Ordered that the order is reversed insofar as appealed from, on the law, with costs, and that branch of the motion of the defendants County of Suffolk and Suffolk County Transit Bus which was for summary judgment dismissing the complaint insofar as asserted against them on the ground that the plaintiff did not sustain a serious injury within the meaning of Insurance Law § 5102 (d) as a result of the subject accident is denied.

The defendants County of Suffolk and Suffolk County Transit Bus (hereinafter together the moving defendants) failed to meet their prima facie burden of showing that the plaintiff did not sustain a serious injury within the meaning of Insurance Law § 5102 (d) as a result of the subject accident (see Toure v Avis Rent A Car Sys., 98 NY2d 345 [2002]; Gaddy v Eyler, 79 NY2d 955, 956-957 [1992]). The photographs submitted by the moving defendants, depicting scars on the plaintiff’s head and left shoulder, failed to establish, prima facie, that these scars did not constitute “significant disfigurement [s]” as defined by Insurance Law § 5102 (d) (see Borquist v Hyde Park Cent. Sch. Dist., 107 AD3d 926 [2013]; Langensiepen v Kruml, 92 AD3d 1302, 1302-1303 [2012]; O’Brien v Bainbridge, 89 AD3d 1511, 1513 [2011]; Tugman v PJC Sanitation Serv., Inc., 23 AD3d 457 [2005]). Since the moving defendants did not sustain their prima facie burden, it is unnecessary to determine whether the papers submitted by the plaintiff in opposition were sufficient to raise a triable issue of fact (see Winegrad v New York Univ.
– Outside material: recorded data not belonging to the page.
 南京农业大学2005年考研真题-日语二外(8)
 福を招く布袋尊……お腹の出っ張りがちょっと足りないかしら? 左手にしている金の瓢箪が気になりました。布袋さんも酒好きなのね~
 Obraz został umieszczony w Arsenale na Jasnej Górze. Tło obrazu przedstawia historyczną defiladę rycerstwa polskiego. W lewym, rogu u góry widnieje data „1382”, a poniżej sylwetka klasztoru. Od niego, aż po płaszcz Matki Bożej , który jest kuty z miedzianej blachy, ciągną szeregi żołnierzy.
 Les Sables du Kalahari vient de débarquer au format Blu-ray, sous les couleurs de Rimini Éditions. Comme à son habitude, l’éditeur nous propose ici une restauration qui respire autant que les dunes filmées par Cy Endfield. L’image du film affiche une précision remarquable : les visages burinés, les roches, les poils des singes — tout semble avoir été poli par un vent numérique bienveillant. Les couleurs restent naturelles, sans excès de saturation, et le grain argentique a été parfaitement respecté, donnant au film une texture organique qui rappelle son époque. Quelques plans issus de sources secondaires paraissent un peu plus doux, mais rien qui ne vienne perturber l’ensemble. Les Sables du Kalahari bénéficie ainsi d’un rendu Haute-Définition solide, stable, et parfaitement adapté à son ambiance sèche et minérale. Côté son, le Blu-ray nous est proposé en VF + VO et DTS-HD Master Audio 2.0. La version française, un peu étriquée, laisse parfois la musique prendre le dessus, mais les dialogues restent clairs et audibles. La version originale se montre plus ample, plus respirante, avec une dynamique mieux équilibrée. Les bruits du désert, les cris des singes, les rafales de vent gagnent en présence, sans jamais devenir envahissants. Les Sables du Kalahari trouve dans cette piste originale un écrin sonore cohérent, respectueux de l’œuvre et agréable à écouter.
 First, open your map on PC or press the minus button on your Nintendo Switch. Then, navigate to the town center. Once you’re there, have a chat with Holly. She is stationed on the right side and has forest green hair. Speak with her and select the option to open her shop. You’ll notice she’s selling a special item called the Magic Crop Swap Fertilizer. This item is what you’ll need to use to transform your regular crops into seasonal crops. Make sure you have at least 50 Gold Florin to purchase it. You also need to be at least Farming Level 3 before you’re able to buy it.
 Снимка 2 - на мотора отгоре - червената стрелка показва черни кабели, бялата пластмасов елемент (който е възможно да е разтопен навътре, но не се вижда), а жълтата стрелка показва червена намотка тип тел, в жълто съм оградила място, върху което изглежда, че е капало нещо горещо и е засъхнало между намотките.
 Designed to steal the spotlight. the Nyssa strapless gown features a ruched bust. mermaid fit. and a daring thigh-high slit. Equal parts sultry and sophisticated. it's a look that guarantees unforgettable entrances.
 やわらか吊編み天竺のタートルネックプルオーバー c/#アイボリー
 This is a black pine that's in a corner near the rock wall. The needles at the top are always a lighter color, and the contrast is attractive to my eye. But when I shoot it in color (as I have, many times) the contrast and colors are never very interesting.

Med. Ctr., 64 NY2d 851, 853 [1985]; Che Hong Kim v Kossoff, 90 AD3d 969 [2011]).

Accordingly, the Supreme Court should have denied that *813 branch of the moving defendants’ motion which was for summary judgment dismissing the complaint insofar as asserted against them on the ground that the plaintiff did not sustain a serious injury within the meaning of Insurance Law § 5102 (d) as a result of the subject accident.

Balkin, J.P., Austin, Sgroi and LaSalle, JJ., concur.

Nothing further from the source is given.